Starting from the line with "意大利营员代表陈佳欣很高兴能" and going up to and including the line with "PROMATE Charisma 2", copy the listing below exactly. Leave all images out.

• **Input data**:
────────────────────

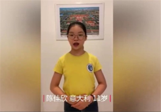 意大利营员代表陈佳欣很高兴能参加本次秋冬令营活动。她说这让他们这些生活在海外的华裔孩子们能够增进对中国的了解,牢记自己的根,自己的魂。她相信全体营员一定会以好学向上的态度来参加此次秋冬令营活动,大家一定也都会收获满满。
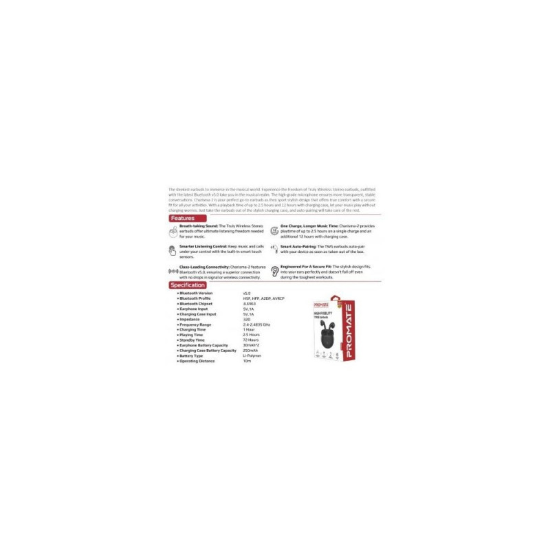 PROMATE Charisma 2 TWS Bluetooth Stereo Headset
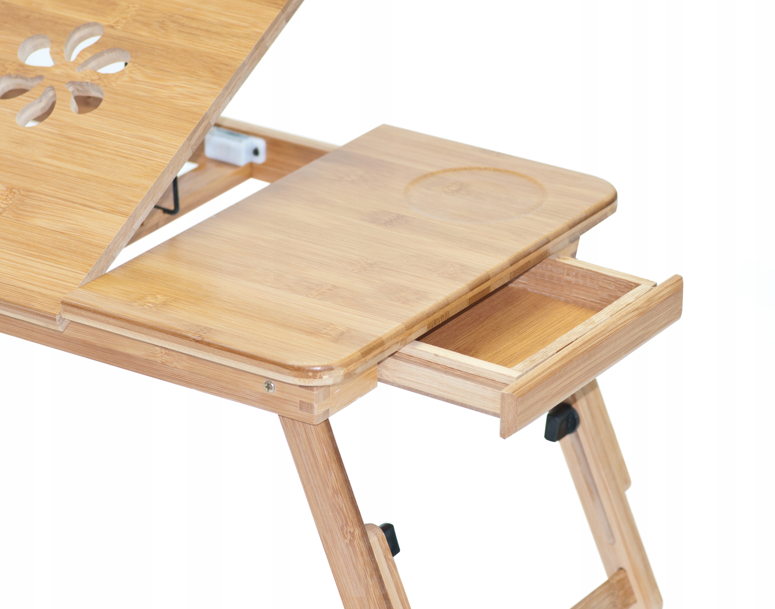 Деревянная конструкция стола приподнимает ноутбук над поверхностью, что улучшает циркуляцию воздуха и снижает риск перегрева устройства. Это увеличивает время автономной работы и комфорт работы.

────────────────────

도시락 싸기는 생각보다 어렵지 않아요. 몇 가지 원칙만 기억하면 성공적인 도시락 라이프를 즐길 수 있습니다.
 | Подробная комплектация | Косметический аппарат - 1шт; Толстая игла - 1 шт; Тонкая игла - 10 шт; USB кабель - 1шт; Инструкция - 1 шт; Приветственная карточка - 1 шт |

────────────────────

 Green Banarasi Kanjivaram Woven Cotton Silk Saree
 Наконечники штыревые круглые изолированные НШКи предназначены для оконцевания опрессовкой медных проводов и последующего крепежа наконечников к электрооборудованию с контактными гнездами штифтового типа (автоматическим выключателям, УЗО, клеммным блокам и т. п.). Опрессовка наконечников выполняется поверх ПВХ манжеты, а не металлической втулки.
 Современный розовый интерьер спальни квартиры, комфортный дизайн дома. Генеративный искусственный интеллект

────────────────────

• **Solved problem**:
 意大利营员代表陈佳欣很高兴能参加本次秋冬令营活动。她说这让他们这些生活在海外的华裔孩子们能够增进对中国的了解,牢记自己的根,自己的魂。她相信全体营员一定会以好学向上的态度来参加此次秋冬令营活动,大家一定也都会收获满满。
 PROMATE Charisma 2 TWS Bluetooth Stereo Headset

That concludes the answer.